Satire

Reality Bites: Clingy Kejri and the fun of being Punjab CM’s sticky note

Whenever Mann has any announcements to make, Kejriwal the Awesome rushes to Punjab and stands next to him, making faces at the camera. Punjab must know who is really the power behind the throne, eh?

I’ve been sniggering a lot lately. It began when Charanjit Singh Channi was CM of Punjab and his vocal rival for the throne, Navjot Singh Sidhu, tried every trick in the book to undermine him.

It’s not the things he said about Channi that made me snigger, but the way he doggedly followed him around, lurking like the grisly shadow of death with a metaphorical dagger in his hand.

If you look at press photographs during that period, you will see Sidhu glaring defiantly and extending his neck like a swan at yoga class while sitting/standing behind Channi to ensure that the cameras didn’t miss him.

I wonder how many bottles of Iodex Sidhu went through during Channi’s tenure: Neck strains can be very painful.

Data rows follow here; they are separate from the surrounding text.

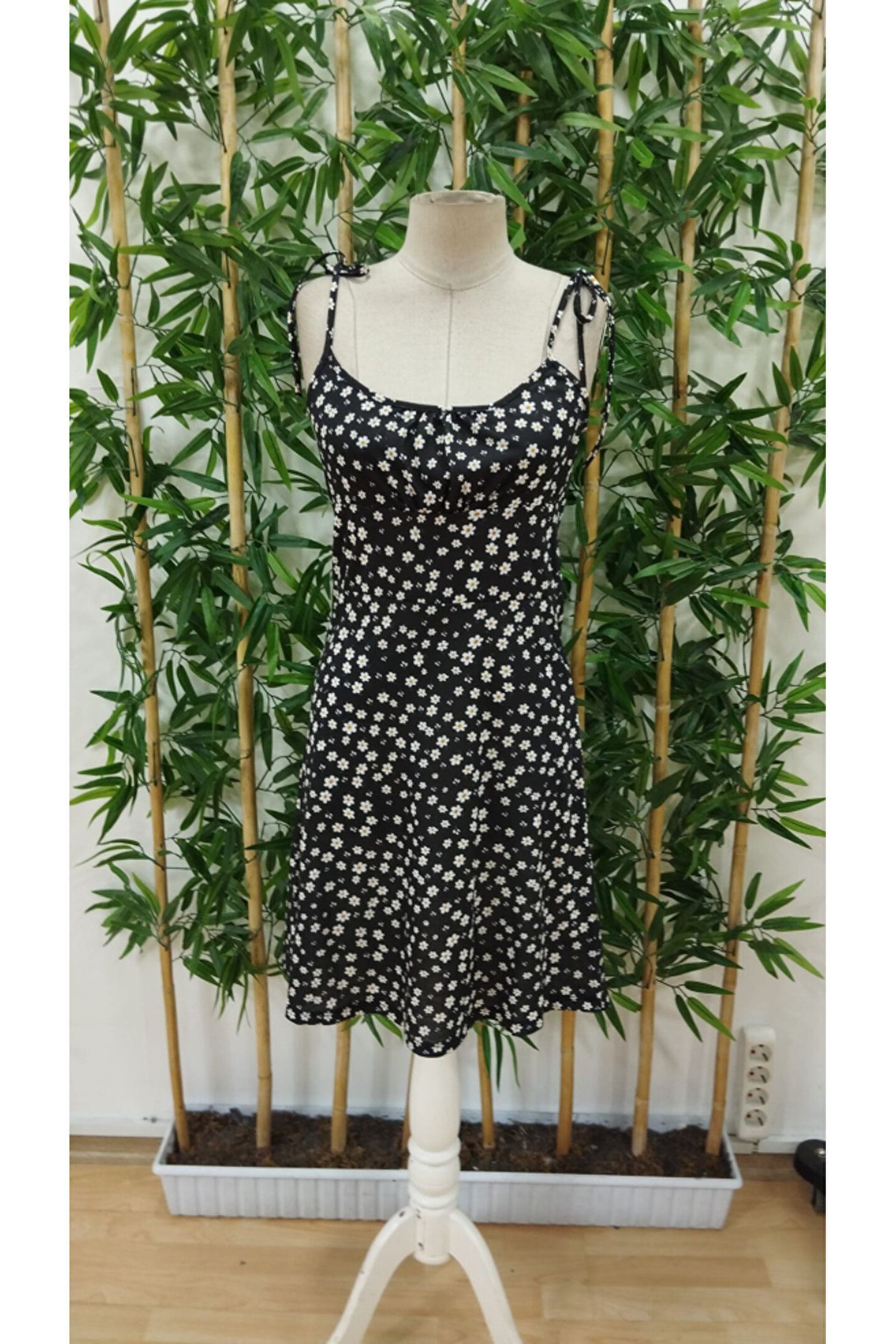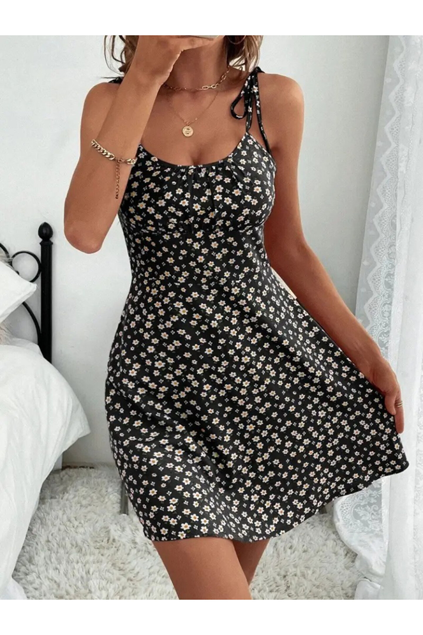 Kadın Ip Askılı Omuzlardan Bağcıklı çiçek Desenli Süprem Elbise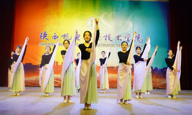 精致的妆容,华丽的服饰展示着青春的活力,一首《雨碎江南》、《送别》展现了学生优美的舞姿。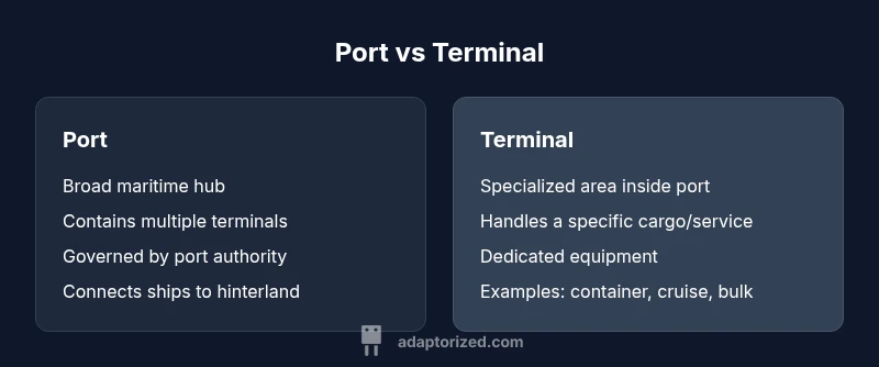 The difference between a port and a terminal is more than naming; it shapes how organizations plan shipments, allocate resources, and manage risk. In maritime logistics, a port is the broad infrastructure that enables international and domestic sea trade. It often comprises multiple berths, storage facilities, a customs area, pilotage services, and intermodal connections such as rail and road networks. A terminal, by contrast, is a specialized area inside the port that is optimized for a particular cargo type or service. Terminals can be container terminals, bulk terminals, liquid-bulk terminals, or cruise terminals. The Adaptorized team notes that while all terminals exist within a port, not every port needs to operate every terminal type. The governance structure also differs: a port authority or government agency may own the port, while a terminal operator runs a specific terminal under contract. This distinction matters for planning, pricing, and scheduling, as the terminal determines handling techniques, equipment, and turnaround times. Understanding this difference between a port and a terminal helps logistics professionals align expectations with operators, warehouses, and forwarders.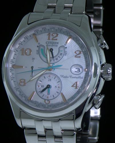 Citizen Eco-Drive radio controlled with atomic clock synchronization model FC0000-59D. Quick-set World time function for 26 time zones. Polished stainless steel case and bracelet. Mother-of-Pearl dial. Water resistant to 100 meters. Sapphire crystal.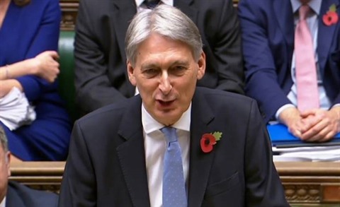 | Capture d'écran d'une vidéo fournie par le Parlement britannique montrant le ministre britannique des Finances, Philip Hammond, à Londres le 29 octobre. |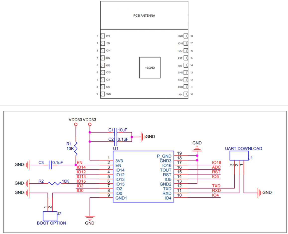ESP-WROOM-02D와 ESP-WROOM-02U는 사이즈, 핀맵, firmware가 동일하여 Pin to pin 호환 됩니다.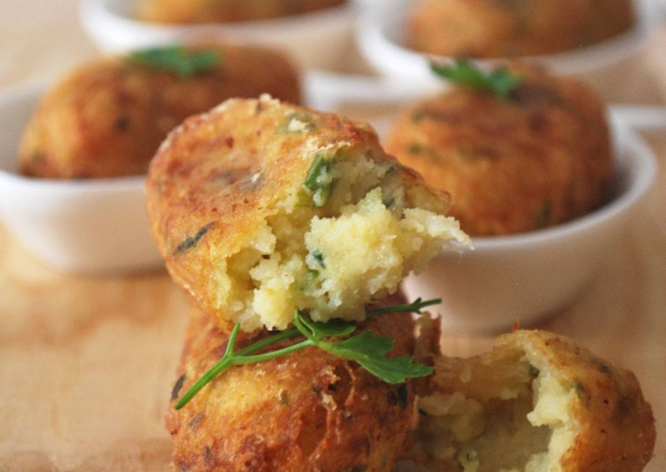 - Una vez fría la masa forma las albóndigas del tamaño deseado. Pasa por harina, sacude el exceso y fríe en abundante aceite de oliva hasta que estén doradas.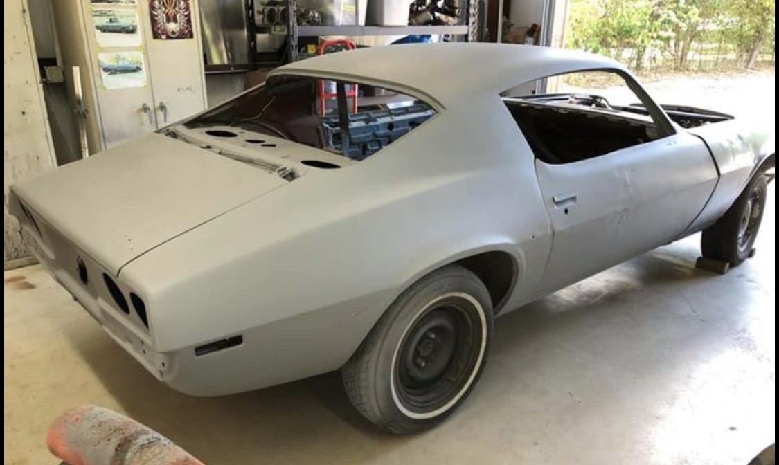 You could make a 72 out of this, pre smog, pre bumper. Get yer own mill and tranny.. Put split bumpers etc back on it. If you have a rust bucket and need a fresh start this might be the way to go. Of course you would need to look at it real close and see if it was done properly, Primer hides a load of sins. Good luck, might be right up your alley!!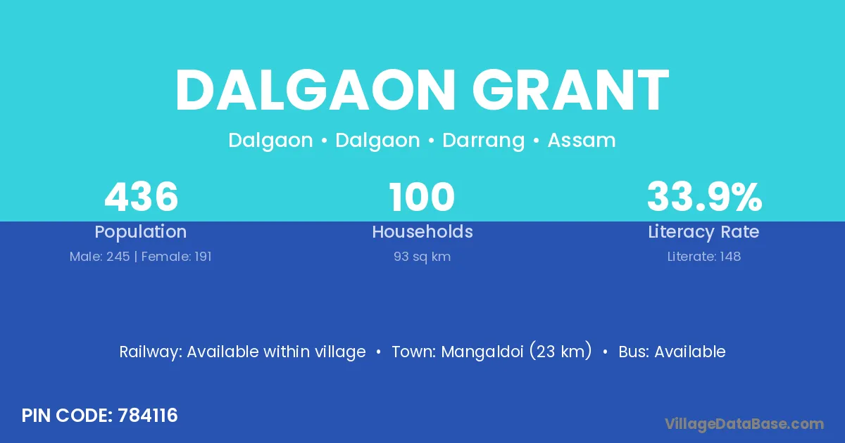 Dalgaon Grant village has a total population of 436 people, of which 245 are males and 191 are females.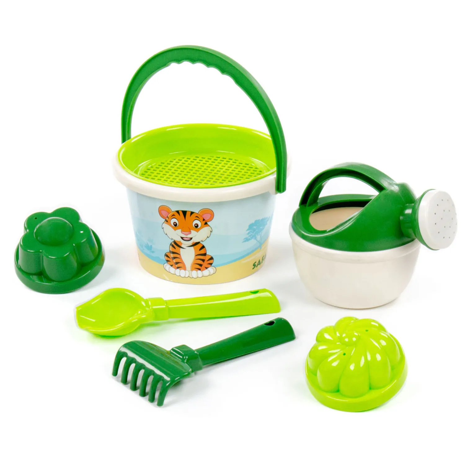 Cavallino strandset safari met een emmer, zeef, gieter, zandbakvormen, schepje en een harkje.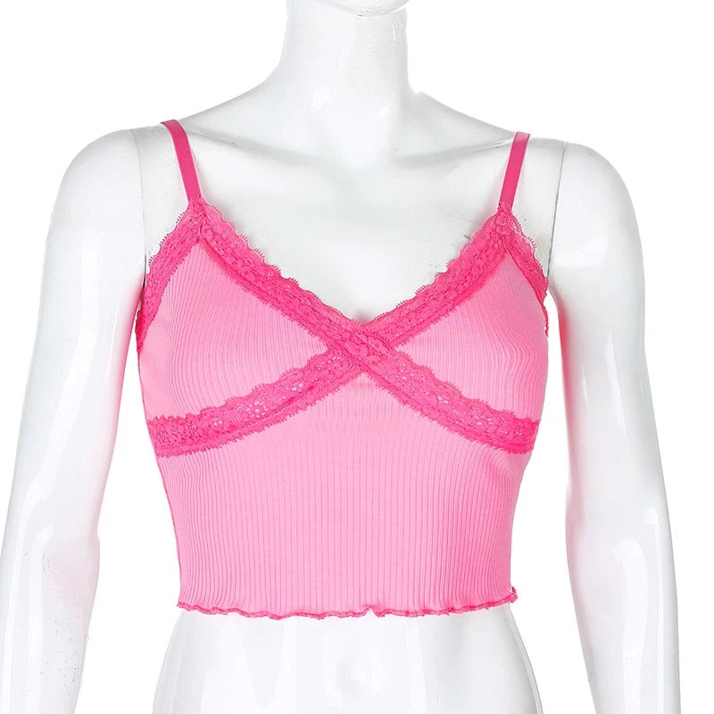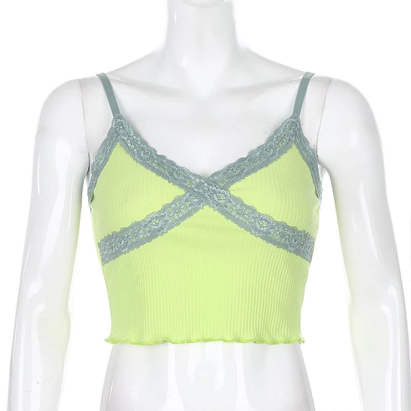 Own Saviour Neon Lace Frill Cami Crop New In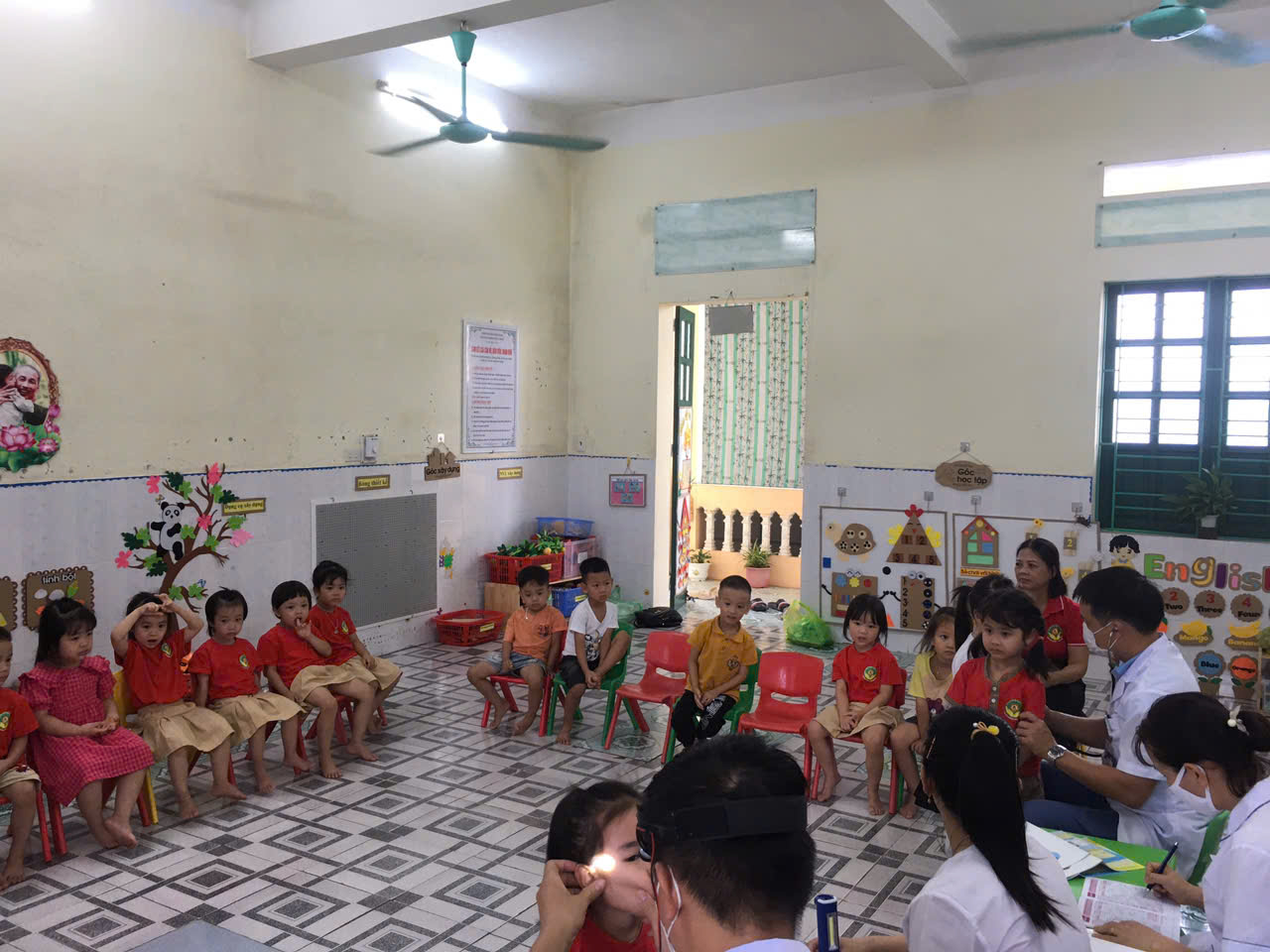 Trong các hoạt động của nhà trường, công tác chăm sóc sức khỏe cho trẻ là một việc làm luôn được nhà trường đặc biệt quan tâm. Từ nhiều năm nay, việc tổ chức khám sức khỏe định kỳ cho trẻ đã được nhà trường duy trì thành nề nếp thực hiện thường xuyên theo kế hoạch 2 lần trong năm học. Việc làm này có ý nghĩa hết sức thiết thực, thông qua việc khám sức khỏe định kỳ cho trẻ đã góp phần làm tốt công tác chăm sóc sức khoẻ ban đầu, tình trạng sức khoẻ hiện tại của trẻ mà còn nâng cao nhận thức cho phụ huynh về ý thức phòng chống một số bệnh thường gặp ở lứa tuổi mầm non và cũng qua hoạt động này đã đem lại sự phấn khởi, tin tưởng trong các bậc phụ huynh về một môi trường giáo dục an toàn và thân thiện. Từ đó giữa nhà trường, cô giáo và các bậc phụ huynh tìm ra hướng đi chung chăm sóc trẻ được tốt hơn giúp trẻ phát triển về mặt thể chất một cách tốt nhất Ngày 21 tháng 10 năm 2024, Nhà trường phối hợp với bệnh viện đa khoa Vĩnh Bảo khám sức khoẻ cho trẻ tại lớp. Kết quả kiểm tra sức khoẻ của trẻ đã được cán bộ y tế, cùng giáo viên phụ trách lớp ghi chép cụ thể trong sổ theo dõi sức khỏe, chấm biểu đồ phân loại sức khỏe trẻ và được giáo viên các lớp thông báo đến phụ huynh, đặc biệt là một số trẻ mắc bệnh qua đó phụ huynh cùng phối hợp có biện pháp điều trị kịp thời cho trẻ. Dưới đây là một số hình ảnh khám sức khỏe định kì tại lớp 4T1 trường mầm non Lý Học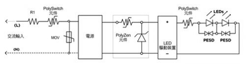 驅動輸出上的PolySwitch組件有助於防止因有害短路或其他負載異常而受損,為了充分發揮PolySwitch組件的作用,可以與金屬芯電路板或LED散熱片熱接,此外,與LED並置的PESD組件也可以對靜電放電加以保護。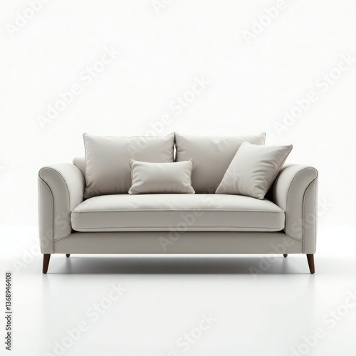 A modern beige sofa with soft cushions, perfect for a cozy living space.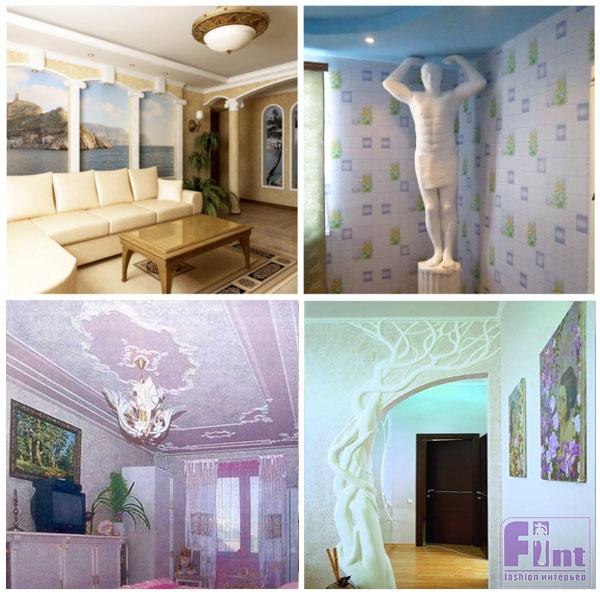 Во многих домах сохранилась старая лепнина и это неоспоримое преимущество квартир, но как быть, если в новостройке нет вожделенной лепнины? В строительном магазине можно найти пластиковые карнизы, молдинги, потолочные розетки, колоны и пилястры. Существуют варианты для одиноких - пластиковые ангелочки и атланты. Последние особенно органично дополняют интерьер типовой квартиры. Раньше атланты держали небосвод, а теперь поддерживают многоуровневый потолок. Красота!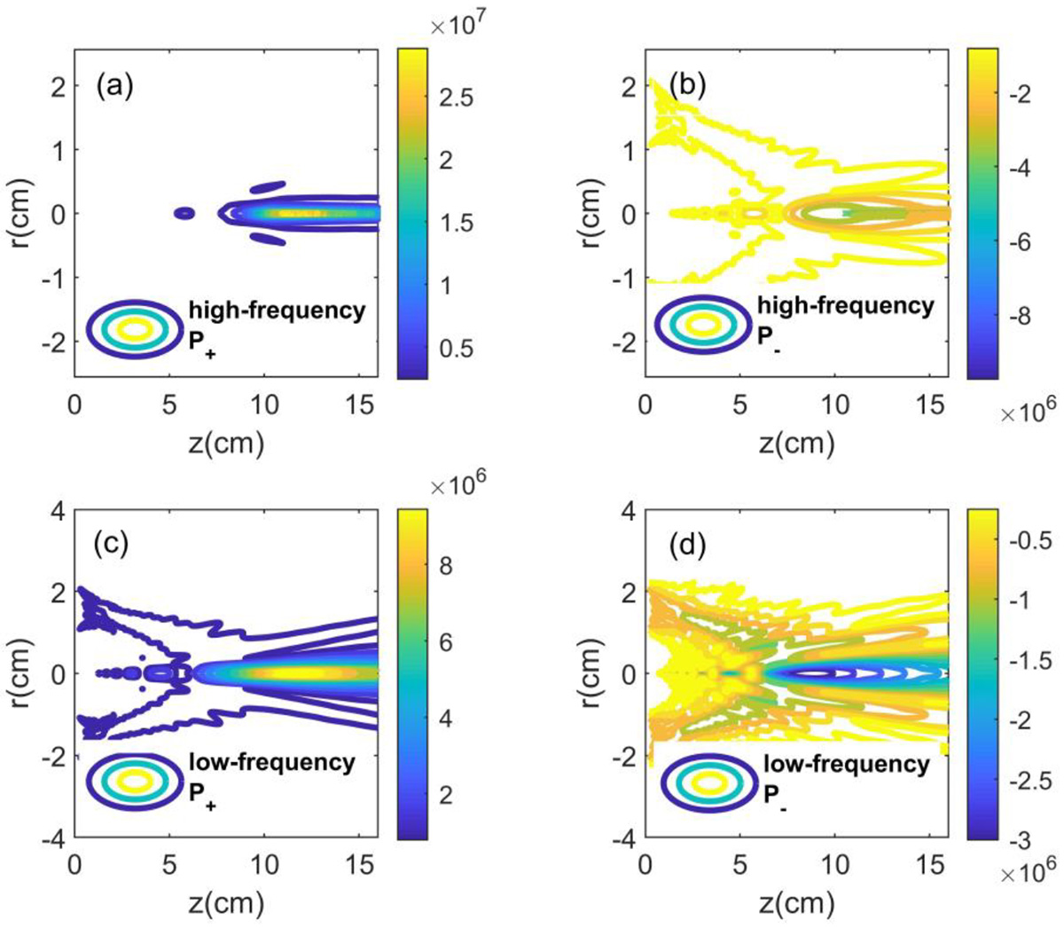 Figure 3. Comparison of positive and negative pressures in biological tissue: (a) positive pressure generated by high-frequency; (b) negative pressure generated by high-frequency; (c) positive pressure generated by low-frequency; (d) negative pressure generated by low-frequency

We’re witnessing snigger-inducing scenes like that again, but this time it’s Arvind Kejriwal doing a Sidhu to the new Punjab CM Bhagwant Singh Mann.

It must irk Kejriwal no end that Mann, his junior, is chief minister of a big state and not an iddle widdle Union Territory like him. Punjab must know that Kejriwal the Awesome is really the power behind the throne, so he sticks to Mann as tenaciously as chewing gum on a shoe sole.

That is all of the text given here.